When Stalin fell from favor, his arbitrary and brutal methods of dealing with ‘enemies of the state’ also came under criticism and the liquidation of masses of people was no longer considered politically judicious. Rather than being shot outright, political and religious dissidents were more often sent to “corrective labor” camps and the Gulag system swelled with more and more new citizens. However, man’s innate desire for something higher than a mere social system, indeed, his very conscience, would not allow the threat of a 10 or 20 year sentence spent behind the barbed wires of Gulag to still the yearnings of his heart.
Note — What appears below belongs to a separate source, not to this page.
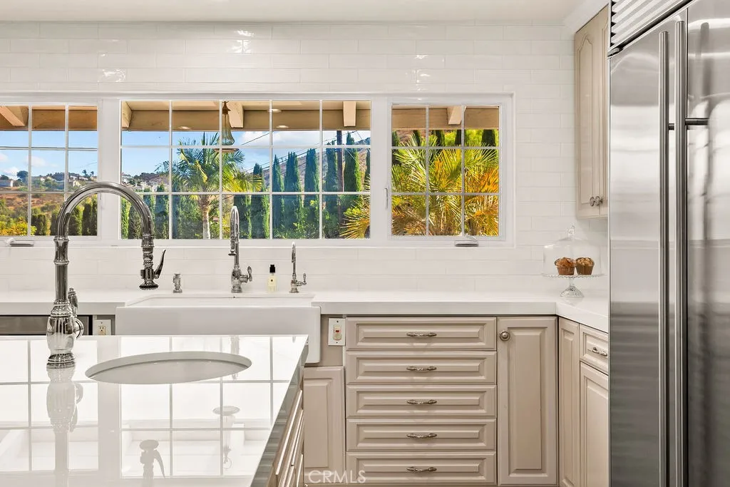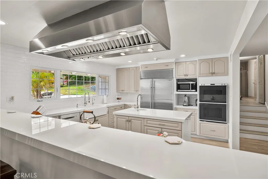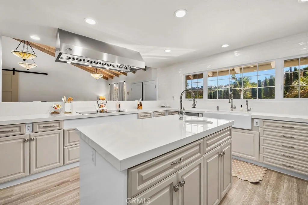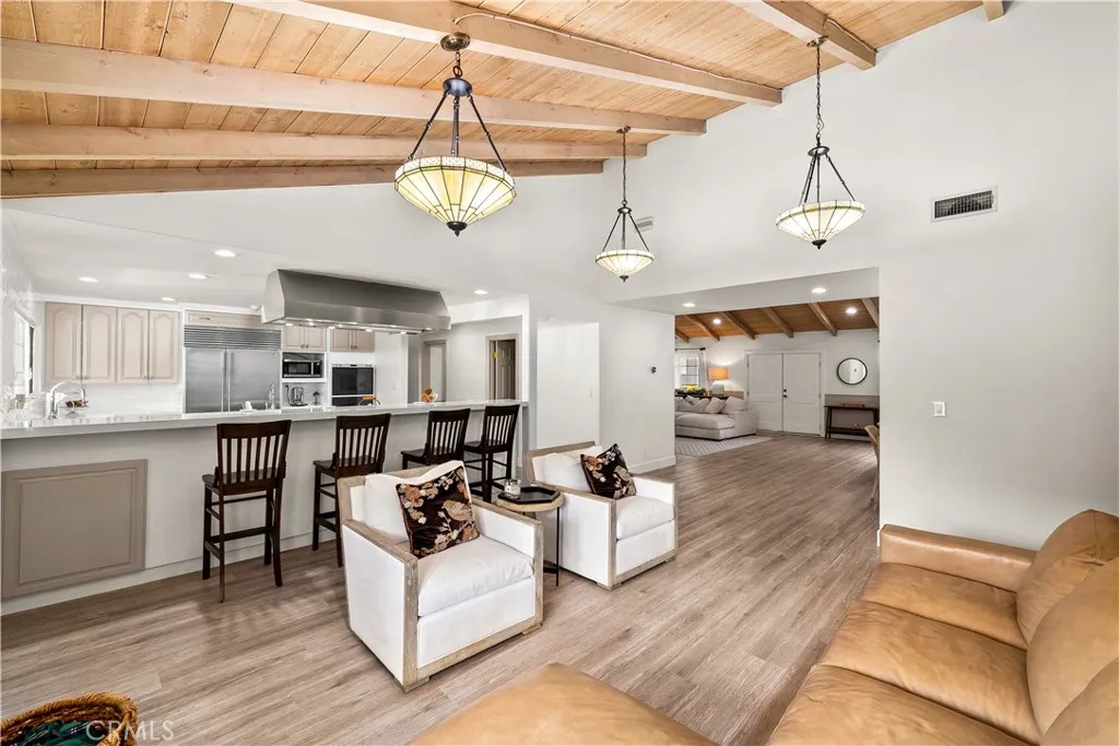 Welcome to your own privately gated ranch-style oasis with prestigious country living in Orange Park Acres. Removed from the hustle and bustle of the city, this gorgeous estate is situated in one of Oranges most desirable neighborhoods and active communities. This beautifully renovated and remodeled 5 bedrooms plus added bedroom space, 4-bathroom estate offers 3,549 square feet of refined living space on an expansive 1-acre usable lot zoned for horses and precious livestock. Blending timeless elegance with modern upgrades and an open floor plan, every detail of this residence showcases high-end craftsmanship designed for both luxury and comfort. Inside, youll find vinyl plank flooring, detailed baseboards, and elegant wainscoting that add warmth and sophistication throughout. The inviting family room is rich in character, featuring custom open beamed vaulted ceilings, built-in bookcases, and a striking fireplace mantle. The exquisite gourmet kitchen with new appliances, is the heart of the home, boasting Dekton countertops, subway tile backsplash, a farmhouse sink, walk-in pantry with custom woodwork, and premium fixtures and pass-over bar make this space perfect for everyday living and entertaining alike. Each remodeled bathroom offers modern sinks and Dekton counters, while fresh interior and exterior paint and new exterior doors enhance the homes updated appeal. The spacious garage with epoxy flooring and corrected foundation provides lasting peace of mind. The openness continues with a vast 25,000 square feet of lush new grass, raised garden boxes, fruit trees, and a ch

In the 50’s and 60’s the dissident movement–both political and religious–only increased its ranks. At first the communists (who claim to abide by their Constitution) tried to apply the law and many were sentenced with “Anti-Soviet Agitation and Propaganda”. A church sermon could easily fall into this category even though Article 52 of the same Constitution guarantees “freedom of religion.” Many of these dissidents turned to study law for use in self-defense. Undaunted by such a counter-attack, the Soviets pulled their own trump–of declaring such dissidents “insane”. No longer were there needed the formalities of a courtroom trial. The signature of a psychiatrist was enough to lock someone up in an insane asylum with no recourse to appeal. Courageous men and women might be found willing to endure the physical tortures of the Gulag regime, but to risk their very sanity?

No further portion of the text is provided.